Exploring Cultural Variations in Moral Judgments with Large Language Models

arXiv cs.AI / 3/31/2026

💬 OpinionIdeas & Deep AnalysisModels & Research

Key Points

  • The study tests whether large language models reflect culturally diverse moral judgments reported by the World Values Survey (WVS) and Pew’s Global Attitudes Survey (PEW).
  • Researchers compute log-probability-based “moral justifiability” scores and correlate model outputs with survey results across many ethical topics, comparing both smaller monolingual/multilingual models and newer instruction-tuned models.
  • Earlier or smaller models often show near-zero or negative correlation with human moral judgments, while advanced instruction-tuned models show substantially higher positive correlations.
  • The analysis finds stronger alignment with W.E.I.R.D. (Western, Educated, Industrialized, Rich, Democratic) nations than with other regions, indicating uneven cross-cultural sensitivity.
  • The paper discusses remaining challenges for specific topics and regions and relates the findings to bias, training-data diversity, and implications for information retrieval and improving cultural sensitivity.

Abstract

Large Language Models (LLMs) have shown strong performance across many tasks, but their ability to capture culturally diverse moral values remains unclear.

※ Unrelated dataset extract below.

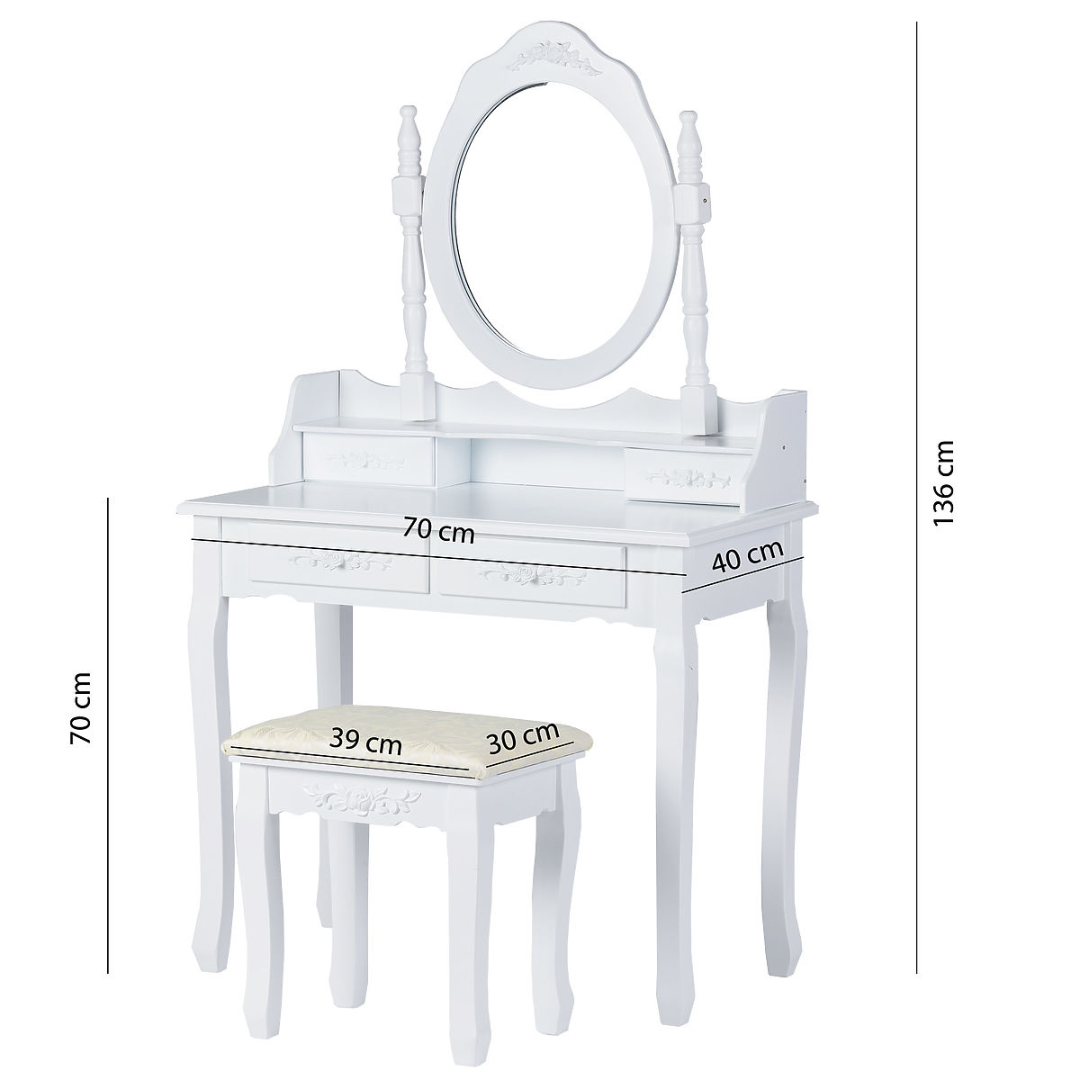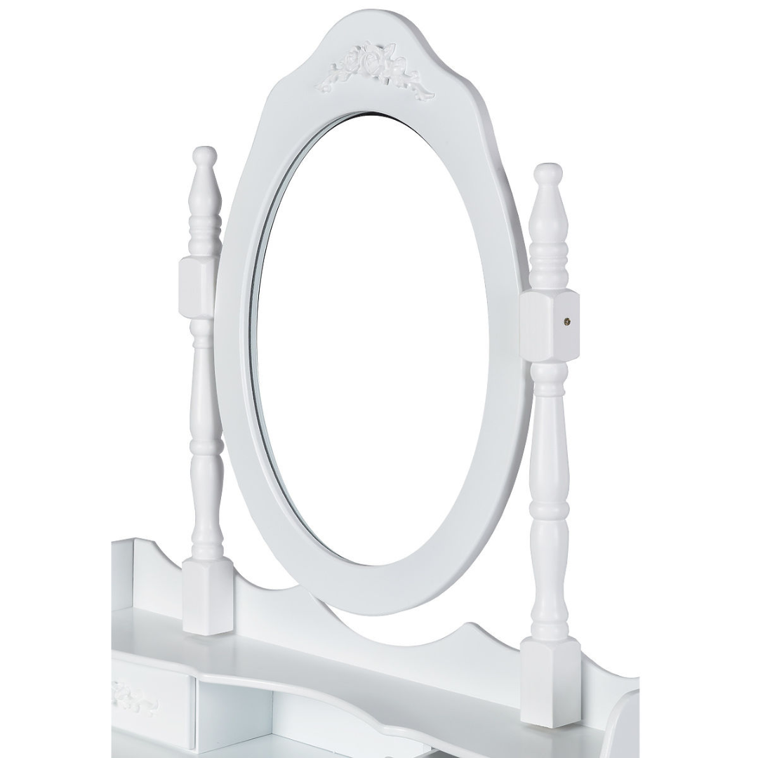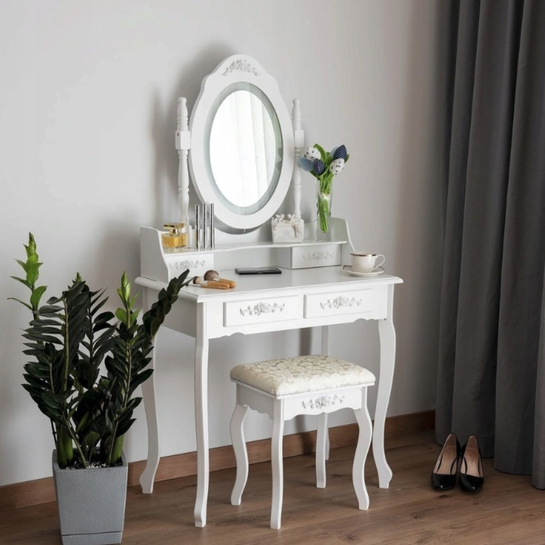Elegantna bela miza z ogledalom, udobnim stolom in praktično shrambo za vsak kotiček vašega doma.

In this paper, we examine whether LLMs mirror variations in moral attitudes reported by the World Values Survey (WVS) and the Pew Research Center's Global Attitudes Survey (PEW). We compare smaller monolingual and multilingual models (GPT-2, OPT, BLOOMZ, and Qwen) with recent instruction-tuned models (GPT-4o, GPT-4o-mini, Gemma-2-9b-it, and Llama-3.3-70B-Instruct). Using log-probability-based \emph{moral justifiability} scores, we correlate each model's outputs with survey data covering a broad set of ethical topics. Our results show that many earlier or smaller models often produce near-zero or negative correlations with human judgments. In contrast, advanced instruction-tuned models achieve substantially higher positive correlations, suggesting they better reflect real-world moral attitudes. We provide a detailed regional analysis revealing that models align better with Western, Educated, Industrialized, Rich, and Democratic (W.E.I.R.D.) nations than with other regions. While scaling model size and using instruction tuning improves alignment with cross-cultural moral norms, challenges remain for certain topics and regions. We discuss these findings in relation to bias analysis, training data diversity, information retrieval implications, and strategies for improving the cultural sensitivity of LLMs.